そのようなワークの中に、もちろん抱っこ法についての具体的な説明も盛り込まれています。
泣くことの大切さ、涙の中にはストレス物質を排出する副腎皮質ホルモンが含まれているということや、泣くことにより脳内からも不安や発作の神経反応をやわらげる物質が分泌されるということなど…へぇ〜〜そうなんだ〜〜と驚かされるようなお話ばかりでした。
また、泣いている子どもへの親の対応の違いが与える心理的影響についても、改めて納得させられるお話が続きます。
その中身のすべてについて、ここで書き表すことはとてもできませんが、私が一番心に響いたのは、子どもの心を大切に感じるということは、親の心も癒し、快復への道筋を作りだすということでした。

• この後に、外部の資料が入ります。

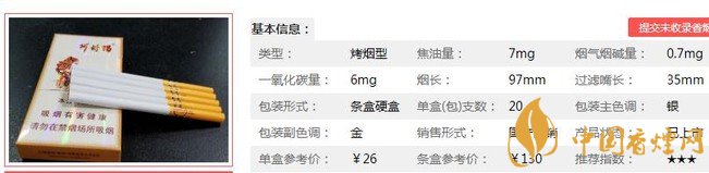 類型 :烤煙型 焦油量 :7mg 煙氣煙堿量 :0.7mg 一氧化碳量 :6mg
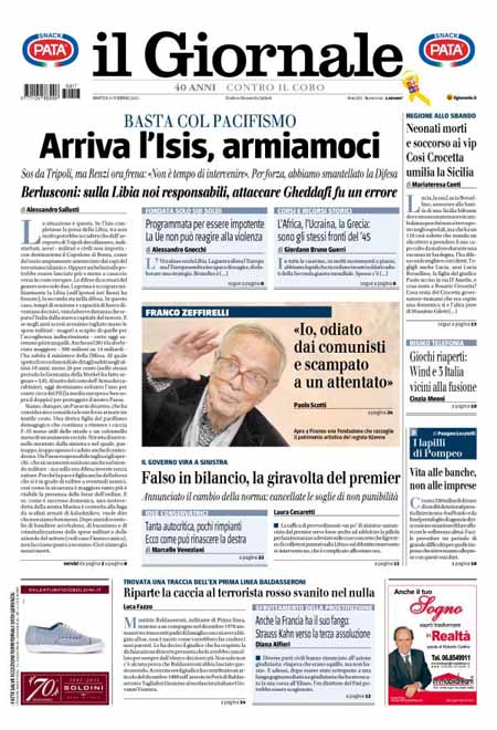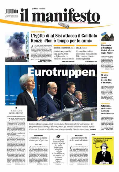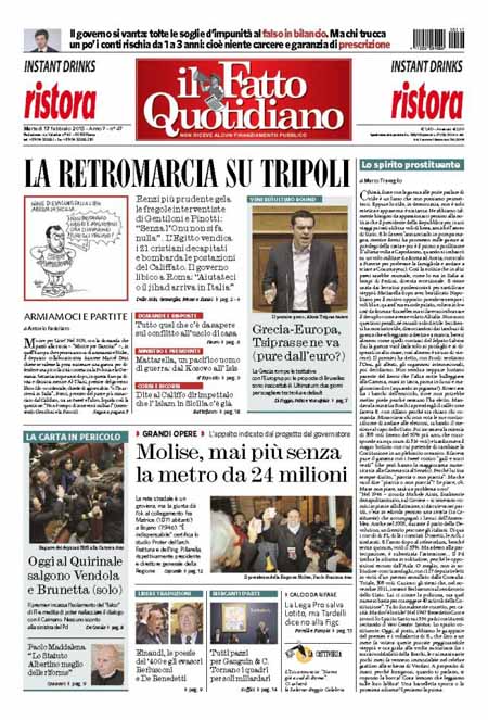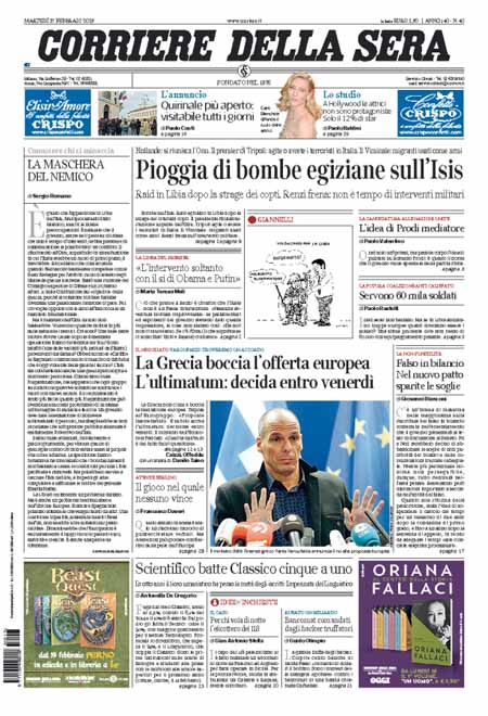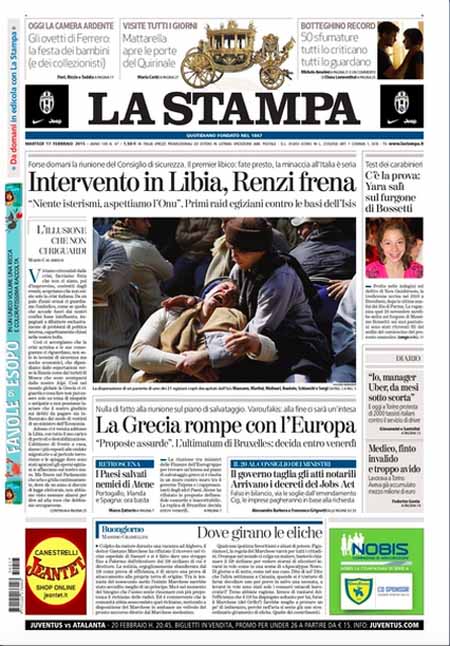 ROMA – Le prime pagine dei giornali di martedì 17 febbraio. Il Corriere della Sera: “Pioggia di bombe egiziane sull’Isis”. La Stampa: “Intervento in Libia, Renzi frena”. La Repubblica: “Tripoli: agite o l’Is arriva a Roma. Renzi frena sull’intervento militare”. Il Giornale: “Basta col pacifismo. Arriva l’Isis, armiamoci”. Il Tempo: “Parole crociate”. Il Manifesto: “Eurotruppen”. Libero: “Dietrofront sulla Libia. Renzi scappa, ci salverà l’Egitto”. Il Fatto Quotidiano: “La retromarcia su Tripoli”.
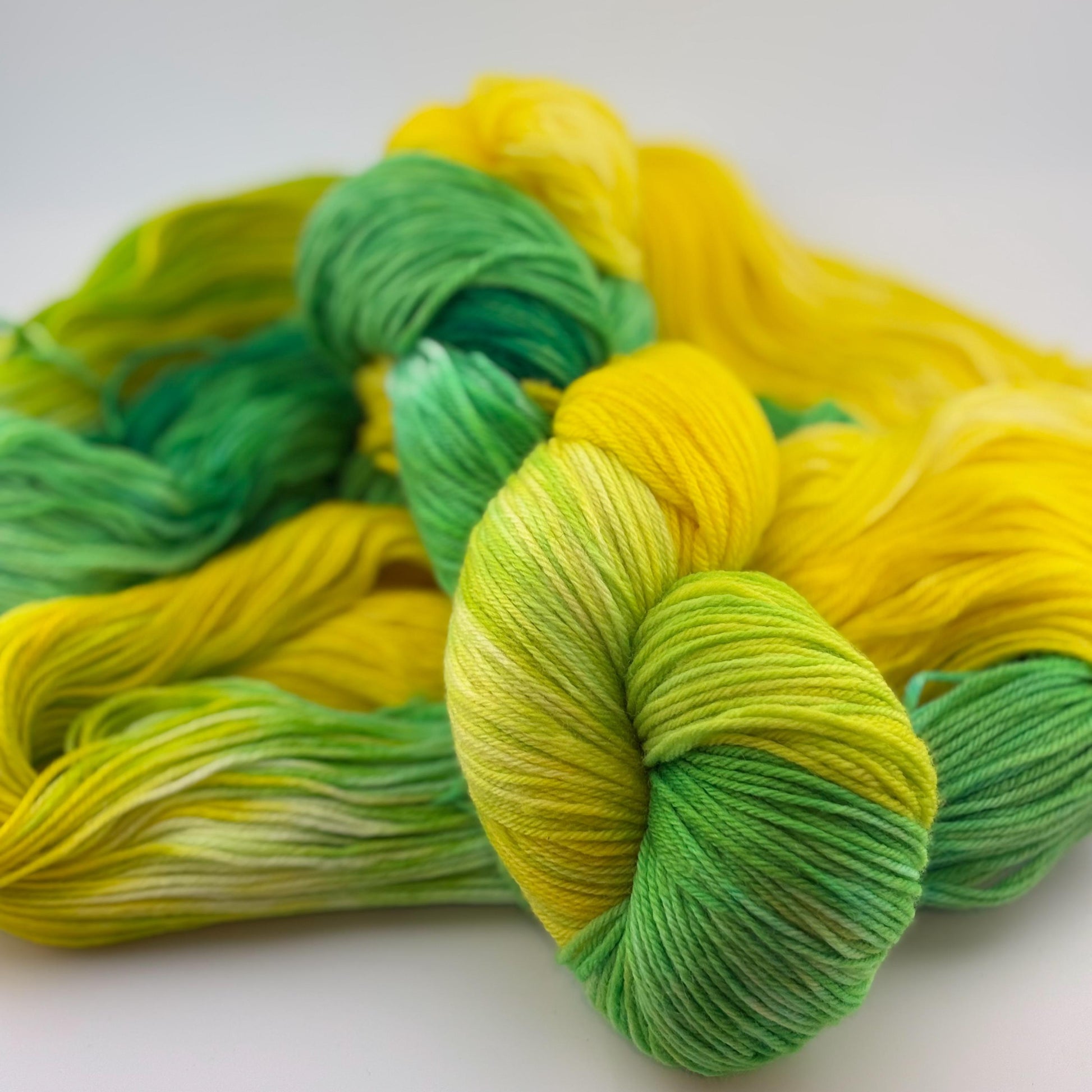 Hand dyed, superwash, sock/fingering weight yarn. 435 yards/100 grams. 80% superwash merino wool, 10% cashmere, 10% nylon. Yarn is dyed in the lemon lime colorway; tonal shades of green and yellow. This colorway is inspired by spring but also happens to be oregon duck colors.
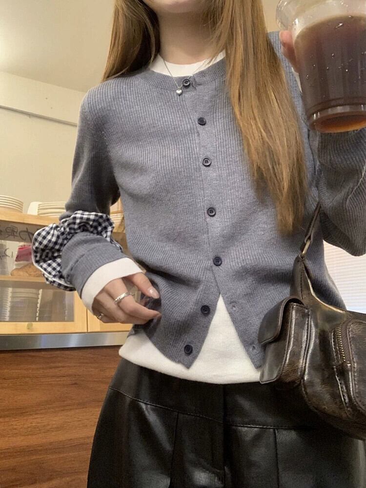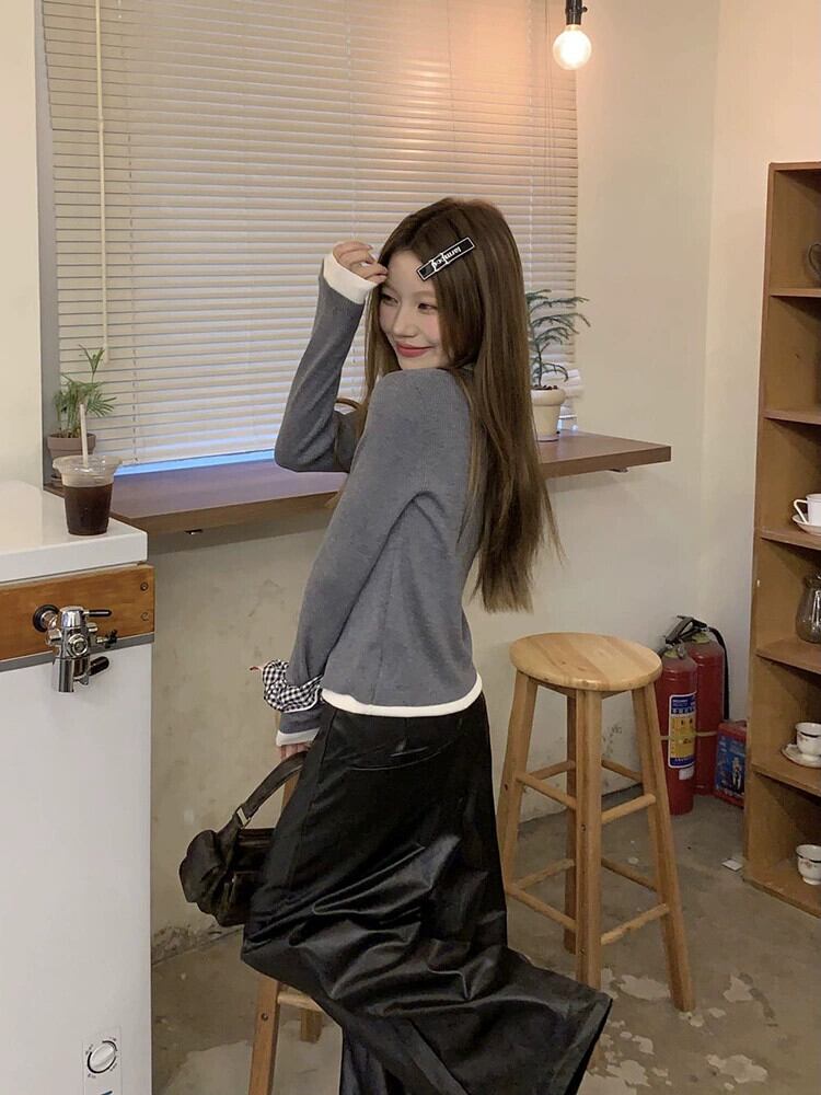 怠惰なスタイルのコントラストカラー偽ツーピース長袖セーター女性秋冬 2023 新しいスリムシングルブレスト多用途ボトリングシャツ ロング オータム 秋物 ウィンター 冬物 missk26134405880
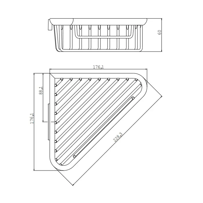 Emco System2 Полочка-решетка угловая, съемная, 17,6x17,6xh6 cм, цвет хром 3545 001 05
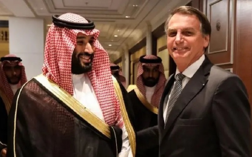 Bolsonaro e o príncipe herdeiro da Arábia Saudita, Mohammad bin Salman, durante viagem do então presidente brasileiro ao país árabe, em 2019 — Foto: JOSÉ DIAS/PR
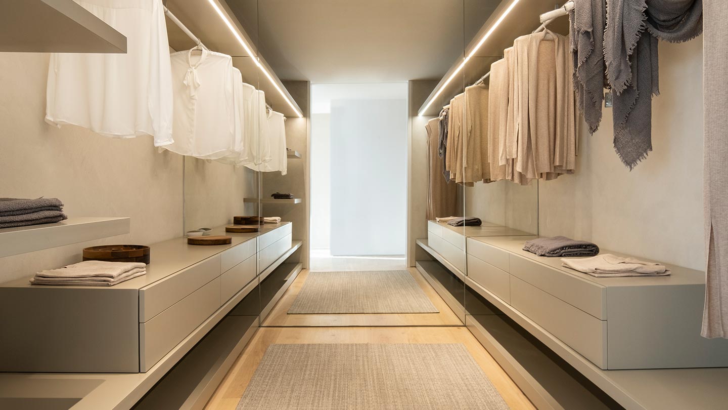 El dormitorio principal también cuenta con un enorme vestidor con un elegante sistema de almacenamiento y un espejo vestidor a medida que va del suelo al techo.

これまで、さまざまな自己肯定ワークや講演会などを学んできましたが、子どもの行動を分析するだけのものであったり、また大人に対しては自分自身を振り返り、その課題を克服するためのものがほとんどだったのですが、抱っこ法は子どもの行動を理解することによって、親のストレスにも自ら気づき、親も子もともに癒されるという内容のものに出会ったのは初めてだったのです。

●もっと知りたい!
 結局、予定の時間を大幅にオーバーし(約1時間も!)最後に、最初に話をした相手ともう一度二人一組になり、今日の感想を話し合って、
ワークショップは無事に終了しました。
 参加したほとんどのみなさんからは、もっともっと抱っこ法について知りたい!という声が多く聞こえてきました。
 幸い、来年1月には、今回よりも多くの皆さんに抱っこ法に触れていただくための講演会を予定しています。
 2回目の人はもちろん、初めて抱っこ法に触れる方にも理解していただける内容になっているそうです。
 今回、定員オーバーでお断りした方はもちろんですが、本当にたくさんの人たちに、抱っこ法に触れてもらいたい、また講師の七野さんの温かい人柄にも接してもらいたい!
 スタッフ全員が心からそう感じています。

●内緒・・・
 さて、大いに盛り上がった午前中のワークショップの後で、講師やアシスタントスタッフのみなさんには、事務所でこちらのスタッフと一緒に昼食を取っていただきました。
 そのあと、「お世話をしてくださるスタッフの方たちに、スペシャルワークをしてあげましょう。」という七野さんのご好意で、会員のYさん親子にモデルケースになってもらって、スタッフだけのスペシャルワークをしていただきました。
 その中身は・・・とてもこの紙面では書ききれない感動的なものだったのですが・・・
 今回は内緒・・・ということにしておきましょう。
 今は、1月に再び七野さんにお会いできる日をスタッフ一同首を長くして待っているのです。